Levitsky outlined a series of reforms that you’ve probably heard of or pushed for if you’re a pro-democracy advocate to, as he put it, “democratize American democracy.”
The reforms include a constitutional right to vote, automatic voter registration, direct presidential elections, the elimination of the Senate filibuster and term limits for Supreme Court justices.
“These are not radical reforms,” Levitsky said. “They would simply bring the United States in line with other established democracies across the world.”
For Nikole Hannah-Jones, founder of the CFJD and Knight chair in race and journalism, whether America continues its democratic backslide or redoubles its efforts to fulfill its promise requires a free press committed to the mandate of covering truth over power.
“We have to be unafraid to just report the truth,” she said.
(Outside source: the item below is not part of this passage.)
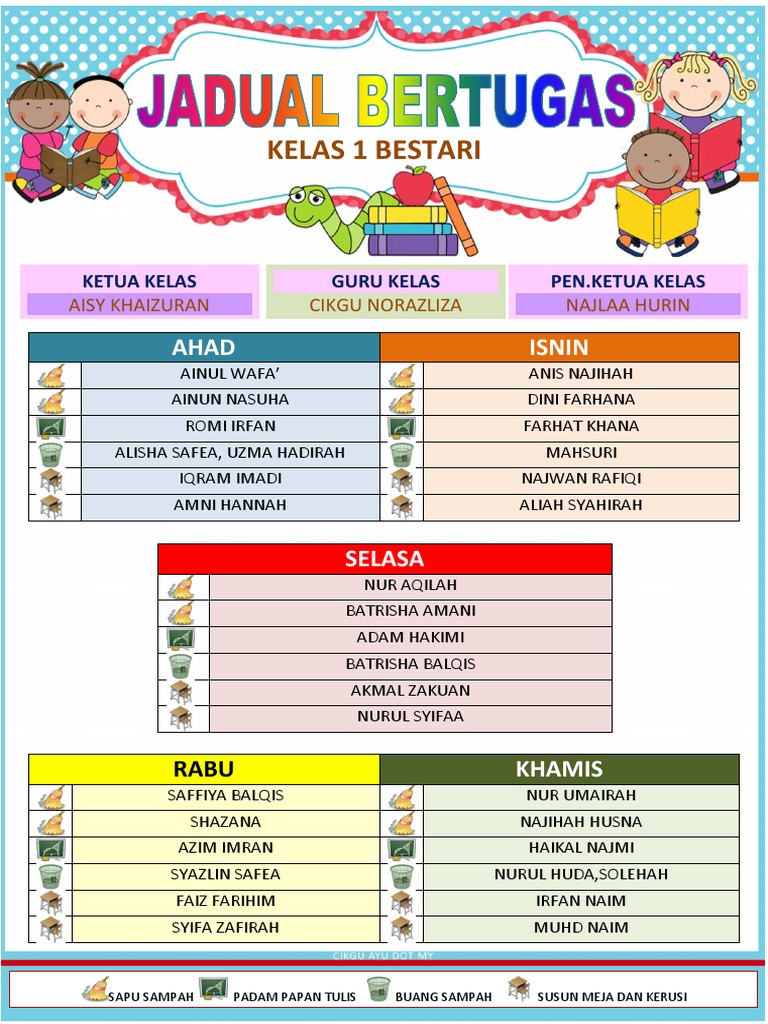 Jadual Bertugas Kelas Boleh Edit - Contoh jadual bertugas dan boleh diedit.cara mudah mengubahsuai contoh jadual bertugas kelasanda hanya perlu menukar nama, sekolah dan kami sedar tidak banyak perkongsian dibuat untuk jadual bertugas boleh diedit kerana kebanyakannya disediakan dalam bahan yang tidak.. Di sini admin tunjukkan contoh yang telah dikongsikan oleh cikgu mai ismail, anda boleh save gambar dibawah, dan edit sendiri guna power point atau publisher. See more ideas about insects theme preschool, insects theme, insects preschool. Jadual bertugas pelajar 2 ibnu battuta (2019) tugas hari memadam papan tulis menyapu lantai menyusun kerusi dan meja membuang sampah ahad isnin selasa rabu khamis. 13 best jadual bertugas kelas images in 2018 education teacher. Jadual guru bertugas mingguan 2012

With America at a crossroads between whether it will be a multiracial democracy or a democracy at all, the Pulitzer Prize-winning author insisted that the moment’s urgency will require journalists to report and write with nuance beyond the stale tropes of neutrality and symmetry. Instead, what voters need from the people given the responsibility to inform the electorate is for us to embrace the fundamental tenets of fairness and accuracy.
“Despite the results of the election last year, our democracy and our democratic institutions remain under attack,” Hannah-Jones said. “Our job therefore is not just to report on democracy but to protect it. We must understand that not only does democracy require a free press, but a free press requires democracy.”